Paper reaction: "Deep learning for NLTE spectral opacities"
On using neural networks to accelerate fusion simulations
Theoretical physicists often talk about elegance as a guide in finding a solution to a problem. This is all well and fine if you are studying a single particle interaction or string. But what if you have to solve a problem in the real world, say nuclear fusion at the National Ignition Facility? You have the world’s most powerful laser blasting a cylinder of gold to produce an x-ray bath which ablates the surface of a sphere, causing it to implode at 350 km/s and rapidly compress a pellet of deuterium-tritium fuel until it achieves fusion in the center and produces alpha particles which ideally generate more heat than is lost from x-ray emissions, bootstrapping into a chain reaction.
Does that seem elegant to you?
As you can imagine, there is no beautiful equation to describe that. Instead, you have a whole series of equations: some for the hydrodynamics of the plasma, some for radiation transport, some for nuclear processes, some for electronic transitions, some for magnetic fields, and many more. These equations are all coupled to each other, and need to be calculated at each time step for each cell in the mesh representing the plasma. The higher the space and time resolution, the better, but calculating all of this gets out of hand extremely quickly, even with some of the world’s best supercomputers.
There are many variables of interest in running this experiment to try and optimize the gain of the fusion chain reaction. When it’s this expensive and energy intensive to run the experiment even once, you want to simulate as much as you can and save your experimental runs for the most promising looking parameters. But what happens when the simulation itself becomes too expensive and time intensive? As it turns out, a simulation is ultimately just a function (albeit a convoluted one) from an input to an output - and a neural network can approximate that function.
To illustrate, let’s start with a specific simulation for non-local thermodynamic equilibrium which models the interaction between plasma and electromagnetic radiation, calculating absorptivity (inverse mean free distance), emissivity, and mean ionization of the plasma. Every point in the plasma is characterized by a temperature, density, and distribution of frequencies, and a system of equations derived from a steady-state condition on transitions between ion states must be solved in order to produce the three output values. Solving that sytem of equations consumes between 10% and 90% of the total computational time of a fusion simulation.
Often, to save time, a series of simplifying assumptions is performed in order to make the simulations more efficient. The main one is the fidelity of the atomic model, in which different ion states are lumped together rather than treated as separate. These shortcuts work well enough when the simulations are well behaved, but they lead to large divergences when the system enters a highly nonlinear phase, which is ironically enough exactly when you need higher fidelity.

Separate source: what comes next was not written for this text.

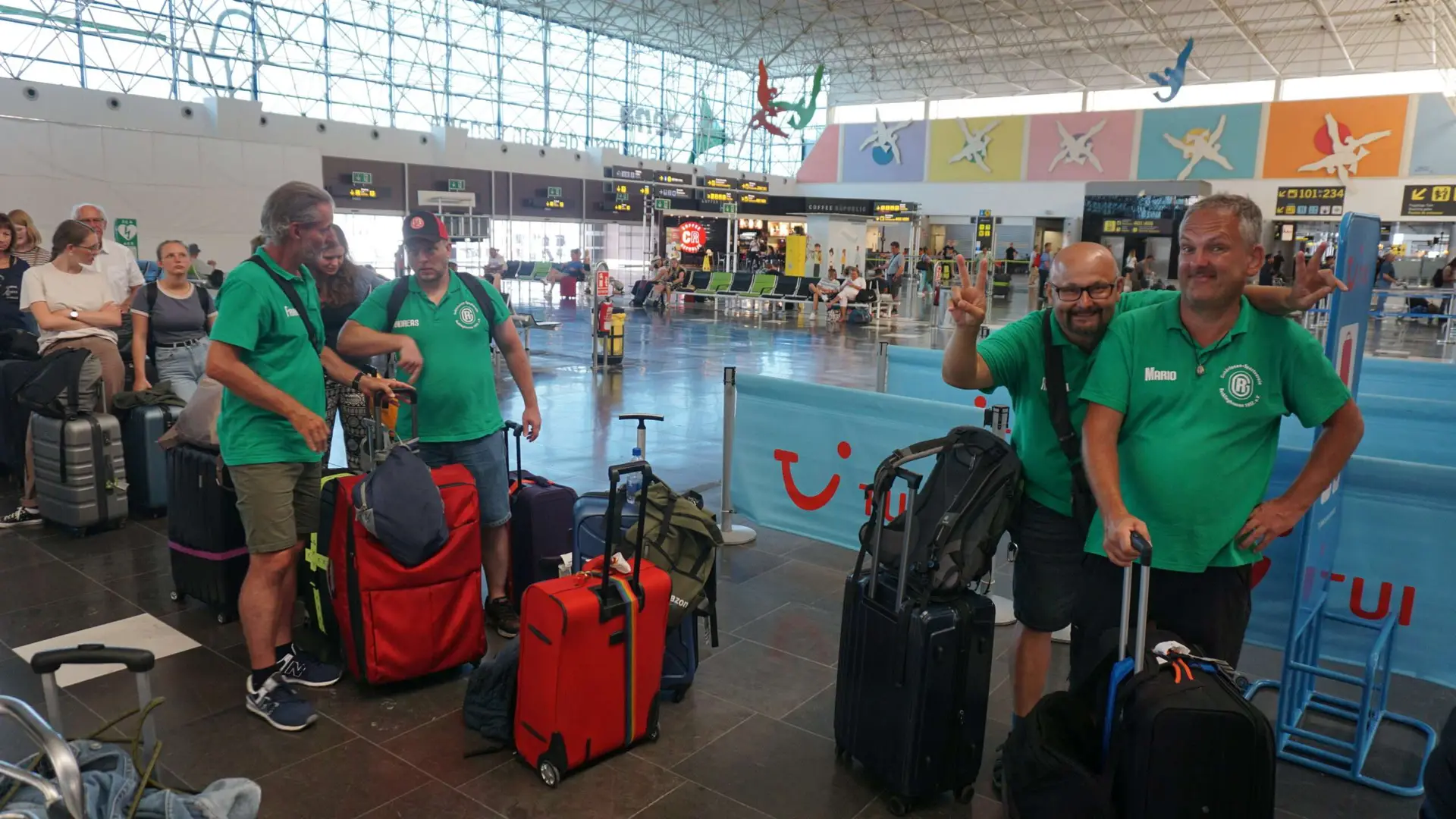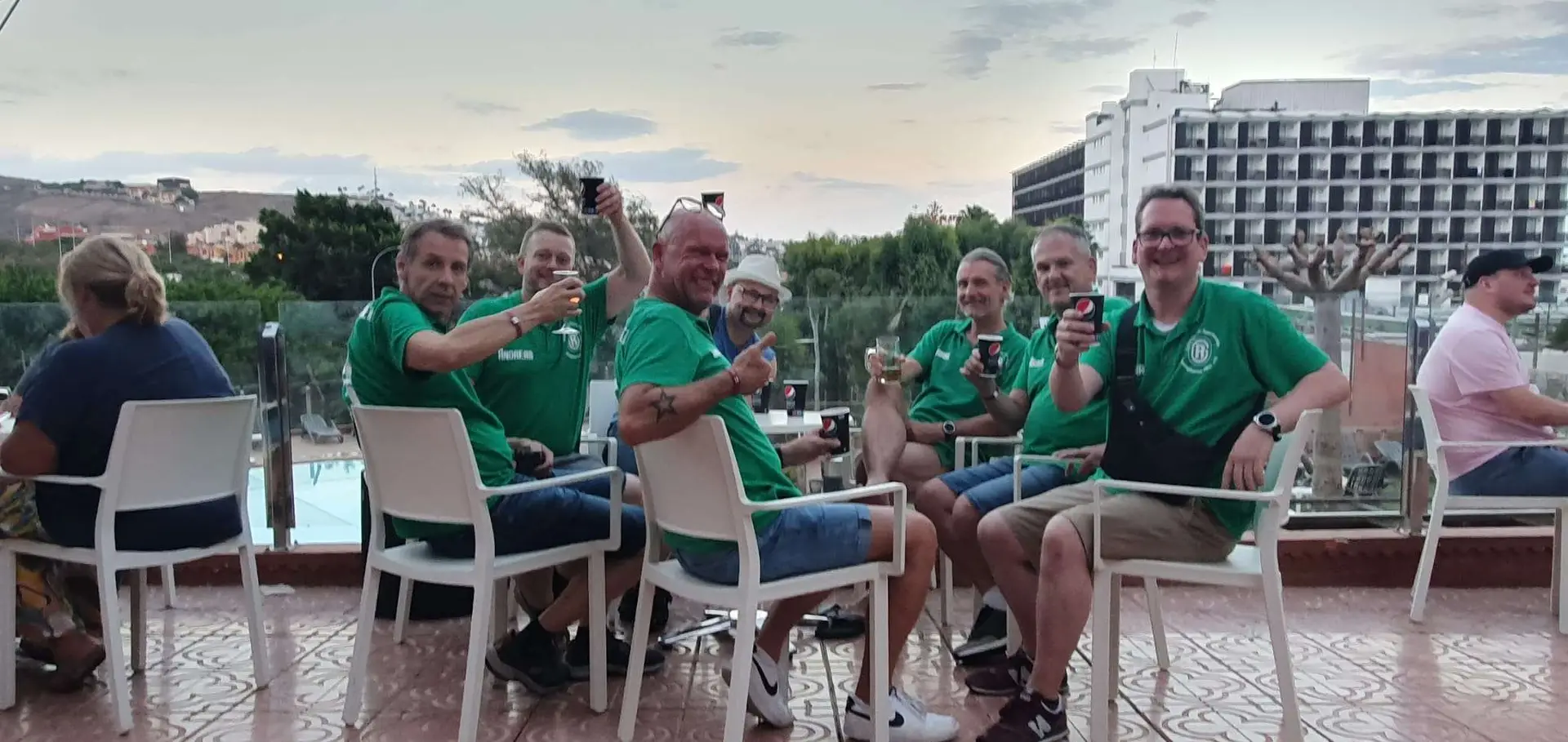 Vom 03. bis 10. September 2023 haben 7 Männer in  Gran Canaria / Spanien teilgenommen. Wir hatten  eine Überraschung für Christian Stern am Flughafen Düsseldorf, da er am Sonntag den  03. September Geburtstag hatte. Wir hatten  ein lustige Geschenk für ihn und  haben mit Bier geprostet. Wir sind  gemeinsam geflogen und in  Gran Canaria gelandet.  Mit Bus ging es  zum Hotel „Corona Roja“ (dt:  Rote Krone) in Punta de Maspalomas mit anschließendem Abendessen.

In a study, researchers at the National Igniton Facility took the sets of inputs and outputs from their simulation and trained a neural network to reproduce the mapping, which it did with a mean error of 1-3%. This offered a 10x speedup in the computational time for this specific simulation, which is huge. Of course, in a real setting there are many other simulations which will need to serve as a rate-limiting input into this simulation, so the actual time savings will most likely be far less than 10x, but still very substantial.
Perhaps the biggest result from all this is that scientists can actually start using the highest fidelity versions of their simulations again. Rather than running the low fidelity model each time at runtime, you can instead spend a ton of resources all at once on generating high fidelity training data for the neural network, with which you can then run a blazing fast approximation of the high fidelity simulation as many times as you want.
To end on a more philosophical note, remember that we use the simulation with the iterated microscopic dynamics because we don’t actually have the concise equation that describes the macroscopic phenomenon. But in some sense, this neural network has found one, even if its nigh impossible to parse for a human. Within the byzantine weights of that neural network lies some relatively compact algorithm for turning one set of numbers into another without any hacky mesh cells or time steps. Perhaps one day, if machine learning interpretability advances enough, we’ll be able to discover that mapping. And who knows, it might even be elegant.
Link to original paper: https://pubs.aip.org/aip/pop/article/27/5/052707/290571/Deep-learning-for-NLTE-spectral-opacities
isn’t the notion of beauty as a pointer towards a solution particular to theoretical physics rather than experimental physics? in some ways, the experimental demands that contemporary physics has placed on researchers to make theoretical progress have made more experimental physicists out of theoretical ones, because it’s more difficult to do “armchair philosophizing” and thought experiments when the phenomena of study isn’t as easily accessible as in the past with say electricity, magnetism, and gravity. The phenomena of study is either super small or super large, so outside of our scale of human interaction. You could say we’ve picked the low-hanging fruit that had been at the human scale and what’s left are phenomena on the scale extents.
The notion of an ML model representing an equation is a cool one. Hopefully indeed interpretability gets good enough for us to be able to translate the weights into notation.